Before 1992, two types of breast implants were available. Both had an outer silicone shell filled with either silicone gel or saline (sterile salt-water). But since 1992, the majority of the breast implants were of the saline variety because in that year, the Federal Food and Drug Administration confined using silicone gel filled implants. This restriction was spurred by the concern that silicone gel leaking into the human body could be dangerous, and by the inability of the manufacturers to provide adequate safety data on their implants. FDA's determination eight years ago means that silicone gel implants can simply be utilized in controlled clinical studies for the purposes of reconstruction after mastectomy, correction of congenital deformities, or replacement of ruptured silicone-gel implants that were used for augmentation.
Breast Surgery
Breast augmentation is now the second most commonly performed aesthetic surgical procedure after liposuction, based on the American Society of Plastic Surgeons. In 1998 only, more than 130,000 girls in the USA experienced the process. This amount grew to 191, 000 in 1999 - - a 51 percent increase in the previous year and nearly a 500 percent increase since 1992.

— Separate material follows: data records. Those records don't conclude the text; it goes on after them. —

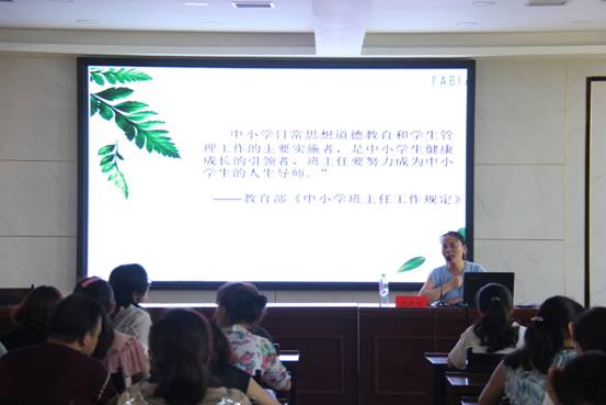 下午,陕西省优秀教学能手郭晓辉老师做了题为“做学生灵魂的摆渡人”的报告,从班主任的日常工作内容做切入点,定位班主任角色、实施班主任职责,用案例分析了一个好的班主任应该如何带好一个班。在报告中,郭晓辉老师指出了班主任角色定位时常见的几个误区——单纯强调师道尊严、什么事都自己干、不能协调家长与学生的关系、厚此薄彼,不公平等。她认为,要做心态好的班主任,在百忙中学会调节自己的心态,学会科学管理班级,以规范促养成、由做事教做人、文化濡染灵性、活动锻塑人格。最后,郭晓辉向大家分享了与家长、任课老师相处的一些注意事项,以及给班主任的一些建议,提倡班主任要学会爱自己的班级,用积极的心态迎接每一天。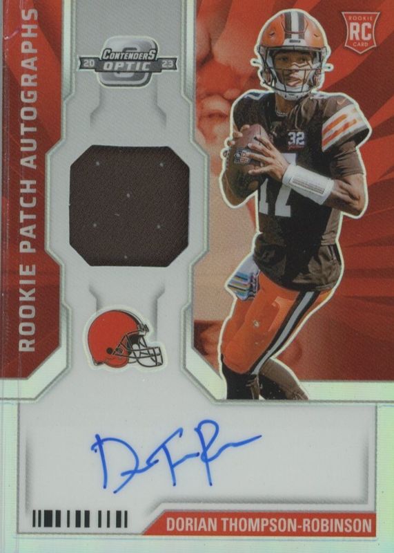 The Dorian Thompson-Robinson 2023 Contenders #TS10 Rookie Ticket Swatches Autographs /25 card in Raw condition has not changed in price in the last 30 days and was last sold for $9.50 .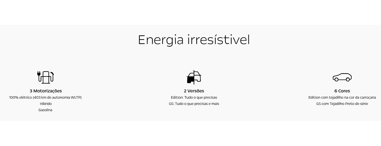 Escolhe entre 100% Elétrico, Híbrido a Gasolina - ou Gasolina normal. Opta pelo 100% Elétrico e vais adorar a potência instantânea com um toque no pedal do acelerador.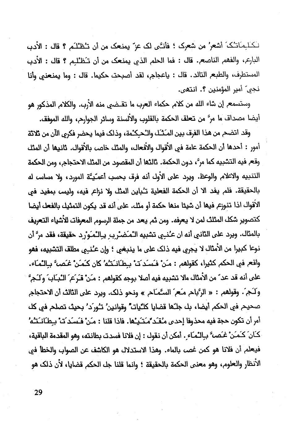 وستسمع أن شاء الله من كلام حكماء العرب ما تقضي منه الأرب. والكلام المذكور هو أيضاً مصداق ما مر من تعلق الحكمة بالقلوب والألسن وساير الجوارح، والله الموفق. وقد اتضح من هذا الفرق بين المثل والحكمة، وذلك فيما يحضر فكري الآن من ثلاثة أمور: أحدها أن الحكمة عامة في الأقوال والأفعال، والمثل خاص بالأقوال. ثانيها أن المثل وقع فيه التشبيه كما مر، دون الحكمة. ثالثها أن المقصود من المثل الاحتجاج، ومن الحكمة التنبيه والإعلام والوعظ. ويرد على الأول إنّه فرق بحسب أعمية المورد، ولا مساس له بالحقيقة. فلم يفد إلاّ أن الحكمة الفعلية تباين المثل ولا نزاع فيه، وليس بمفيد في الأقوال إذا تنوزع فيها أن شيئا منها حكمة أو مثل. على أنه قد يكون التمثيل بالفعل أيضاً كتصوير شكل المثلث لمن لا يعرفه. ومن ثم يعد من جملة الرسوم المعروفات الأشياء التعريف بالمثال. ويرد على الثاني أنه إن عنى تشبيه المضرب بالمورد حقيقة، فقد مر أن نوعا كبيرا من الأمثال لا يجري فيه ذلك على ما ينبغي؛ وإن عني مطلق التشبيه، فهو واقع في الحكم كثيرا، كقولهم: من فسدت بطانته كان كمن غص بالماء. على أنه قد عد من الأمثال ملا تشبيه فيه أصلا بوجه كقولهم: من قرع الباب ولجَّ ولج. وقولهم: " الرباح مع السماح " ونحو ذلك. ويرد على الثالث أن الاحتجاج صحيح في الحكم أيضاً، بل جلها قضايا كليات وقوانين تورد بحيث يصلح في كل أمر تكون حجة فيه محذوفة إحدى مقدمتيها. فإذا قلنا: من فسدت بطانته كان كمن غص بالماء أمكن إنّ نقول: إن فلان فسدت بطانته، وهو المقدمة الباقية، فيعلم أن فلانا هو كمن غص بالماء. وهذا الاستدلال هو الكاشف عن الصواب والخطأ في الأنظار والعلوم، وهو معنى الحكمة بالحقيقة؛ وإنما قلنا جل الحكم قضايا، لأن ذلك هو

Before 1992, two types of breast implants were available. Both had an outer silicone shell filled with either silicone gel or saline (sterile salt-water). But since 1992, the majority of the breast implants were of the saline variety because in that year, the Federal Food and Drug Administration confined using silicone gel filled implants. This restriction was spurred by the concern that silicone gel leaking into the human body could be dangerous, and by the inability of the manufacturers to provide adequate safety data on their implants. FDA's determination eight years ago means that silicone gel implants can simply be utilized in controlled clinical studies for the purposes of reconstruction after mastectomy, correction of congenital deformities, or replacement of ruptured silicone-gel implants that were used for augmentation.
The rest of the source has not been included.